Na avaliação da S&P, se Levy sair hoje da Fazenda não será nenhum trauma. O importante para quem está no cargo é entregar o que prometeu, seja quem for. É isso o que importa para a agência de classificação de risco, que o Brasil faça superavits primários consistentes para evitar que o endividamento do país dispare. A perspectiva é de que, com as metas fiscais definidas pelo governo — 0,15% do PIB neste ano; 0,7% em 2016; 1,3% em 2017; e 2% em 2018 — a dívida bruta saltará de 62% para 70% do PIB, ou seja, em vez de melhorar, os indicadores fiscais do país vão piorar, e muito.
Banco de reserva
Levy não foi a primeira opção de Dilma para a Fazenda. Foi a que sobrou depois de ela sondar nomes do primeiro time do mercado financeiro, como o do presidente do Bradesco, Luiz Carlos Trabuco. O ministro nem era um nome muito conhecido, apesar da competência reconhecida pelo que fez nos cargos que havia ocupado em vários governos. Mas, como os investidores precisavam se apegar a alguma coisa, ao ser o escolhido pela presidente para suceder Guido Mantega, acabou se tornando o fiador da política econômica do segundo mandato da petista.

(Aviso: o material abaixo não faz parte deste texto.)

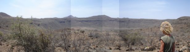 The group started at 7:00 and some even earlier. The road looked like yesterday afternoon, but on top of that there was a lot a headwind, so we were glad that we took the decision to ride the truck. The environment is really dry as dry can be, with again many dead goats and cows alongside the road. After we passed the lunch truck we saw two immense craters of old volcano's, wonderful panoramas.
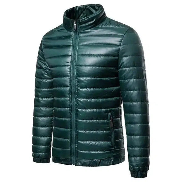 Men's Solid Down Cotton Jacket With Standing Collar
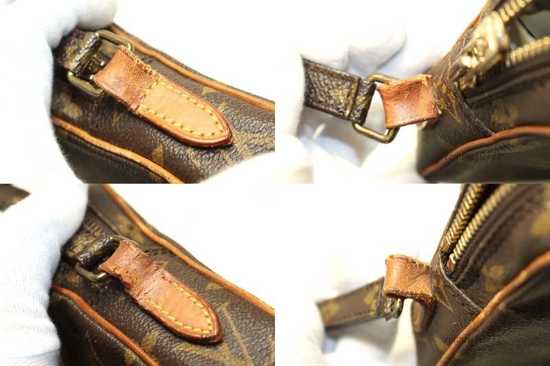 中古ですので新品と比較してすれ、小傷、色むら、若干の型崩れ、使用に問題ないレベルの糸ほつれ、金具にくすみ等ございますが写真の通りコンディション良好です。

Apesar da decepção, não há torcida para a saída de Levy do governo. Ruim com ele, pior sem ele. A sensação, no entanto, é a de que o ministro não conseguirá entregar tudo o que prometeu. E o prêmio que receberá será o rebaixamento do Brasil ao grupo de países especulativos. Certamente, não passava pela cabeça dele dar um passo tão grande para trás.
Não precisa ser nenhum expert em economia para saber o que ocorrerá se o país perder o selo de bom pagador. A recessão, que já está pesada, se aprofundará, o desemprego disparará e a inflação não dará trégua. Que triste legado, Levy!
Bolha do crédito
» Economista-chefe para mercados emergentes da consultoria britânica Capital Economics, Neil Shearing prevê que a economia brasileira poderá enfrentar uma nova crise, desta vez com a “a desaceleração da bolha de crédito, que está apenas começando”. Para ele, haverá estresse no sistema financeiro, com operações de liquidação duvidosa podendo aumentar drasticamente.
Tombo real
» Na avaliação de Shearing, “o ar da bolha de crédito está esvaziando” e ajudando a derrubar o crescimento do Brasil. O ritmo de avanço dos empréstimos e financiamentos caiu de um pico de 26,9% ao ano para apenas 7,6% em maio último. Como a inflação está acima de 9%, em termos reais, o crédito encolheu.
Colapso nos financiamentos
» Shearing ressalta que os financiamentos para a compra de carros entraram em colapso, o que explica o péssimo momento do setor automotivo. A grande surpresa, diz ele, é que, mesmo com o enfraquecimento do crédito imobiliário, o setor ainda não sofreu queda semelhante. “Considerando que os orçamentos familiares estão sobrecarregados, suspeitamos que isso é apenas uma questão de tempo”, avisa.